Broken unit tests -- request for help

2016-08-04 Thread Jeremiah Lowin
We have a few non-deterministic unit test failures that are affecting many
-- but not all -- PRs. I believe they are being ignored as "unrelated" but
they have the potential to mask real issues and should be addressed.
Unfortunately they're out of my expertise so I'm going to list the ones
I've identified and hope someone smarter than me can see if they can help!

In particular, we have a number of simple PR's that should obviously have
no problems (typos, readme edits, etc.) that are nonetheless failing tests,
causing frustration for all. Here is one from just this morning:
https://github.com/apache/incubator-airflow/pull/1705/files

Thanks in advance!

1. Python 3 Mysql (this one is pretty common), due to not being able to
find "beeline" which I believe is related to Hive. This is the error:

==

ERROR: test_mysql_to_hive_partition (tests.TransferTests)

--

Traceback (most recent call last):

  File 
"/home/travis/build/apache/incubator-airflow/tests/operators/operators.py",
line 208, in test_mysql_to_hive_partition

t.run(start_date=DEFAULT_DATE, end_date=DEFAULT_DATE, force=True)

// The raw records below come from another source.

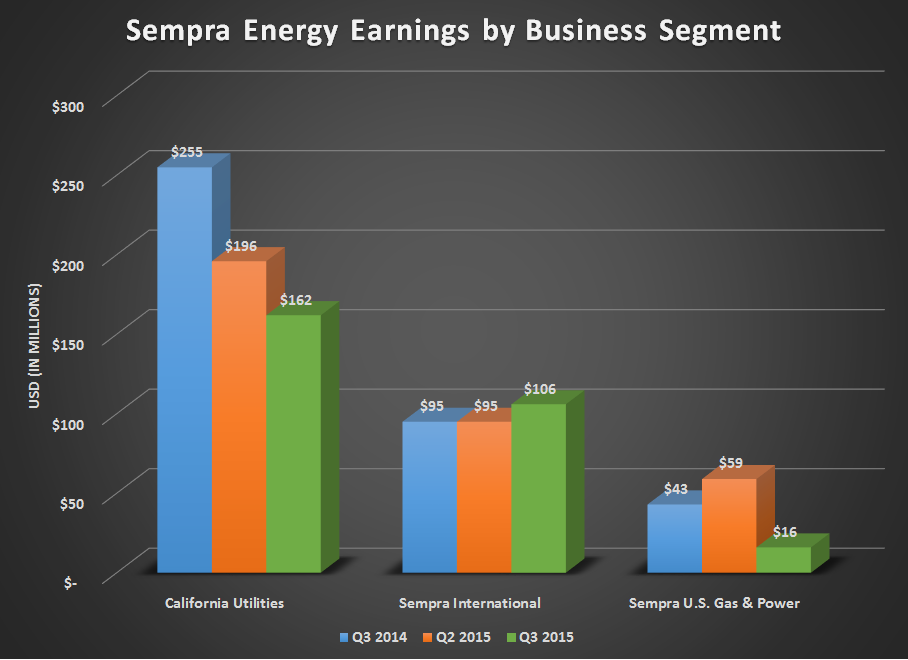 One thing that needs to be kept in mind when looking at these results, though, is that Sempra's earnings are highly seasonal, especially in its Southern California Gas Company. According to management, seasonality had a $113 million earnings impact on SoCalGas. Also, its U.S. Gas & Power was lower year over year mostly because of a $25 million tax benefit it received in the third quarter of 2014.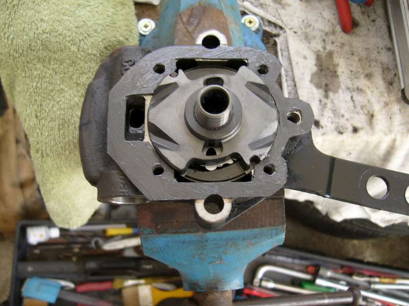 na první fotce, je po očištění a znovu-nastartování vidět, kde začíná propouštět těsnění "těla" serva ... tak jsem ho vytáhnul a rozebral(říkal jsem si, že ho zkusím přetěsnit, a v nějhorším případě budu muset koupit jiné) ... původní těsnění zjevně skoro mrtvé ... po hledání na netu a konzultaci s některýma odborníkama (ballu, djdekl atd.) čím to přetěsnit jsem nakonec zvolil "Klingerit" jako těsnící materiál ... protože se dají koupit různé tloušťky ... nakreslil dle plastového nosiče původního těsnění tvar ... nožem opatrně vyřezal s vůli směrem "ven" ... dle rad namazal grafitovou vazelínou a poskládal ... nejdřív dotáhnul jemně a pak momentovým klíčem do kříže postupně utáhl pořádně ... nakonec jsem ořezal zbytky těsnění, kolem čerpadla a namontoval ... náplň jsem zatím pouze dolil částečně novou s tím, že když to po nějaké zkušební době nebude téct, tak vyměníme servo-olej komplet ... až bude jistota, že nemizí ... zatim to vypadá dobře :)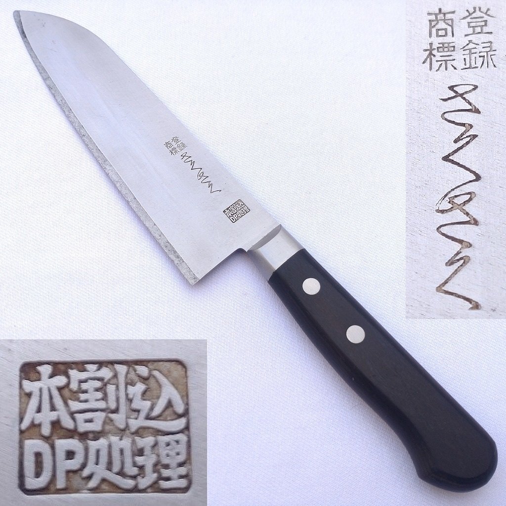 万能包丁 さくさく 本割込 DP処理 刃長約140㎜ 両刃 鍔付 洋包丁 三徳包丁 調理器具 庖丁 刃物 日本製 【2566】

  File "/home/travis/build/apache/incubator-airflow/airflow/models.py",
line 2350, in run

force=force,)

  File "/home/travis/build/apache/incubator-airflow/airflow/utils/db.py",
line 54, in wrapper

result = func(*args, **kwargs)

  File "/home/travis/build/apache/incubator-airflow/airflow/models.py",
line 1388, in run

result = task_copy.execute(context=context)

  File 
"/home/travis/build/apache/incubator-airflow/airflow/operators/mysql_to_hive.py",
line 131, in execute

recreate=self.recreate)

  File 
"/home/travis/build/apache/incubator-airflow/airflow/hooks/hive_hooks.py",
line 322, in load_file

self.run_cli(hql)

  File 
"/home/travis/build/apache/incubator-airflow/airflow/hooks/hive_hooks.py",
line 212, in run_cli

cwd=tmp_dir)

  File "/opt/python/3.4.2/lib/python3.4/subprocess.py", line 858, in __init__

restore_signals, start_new_session)

  File "/opt/python/3.4.2/lib/python3.4/subprocess.py", line 1456, in
_execute_child

raise child_exception_type(errno_num, err_msg)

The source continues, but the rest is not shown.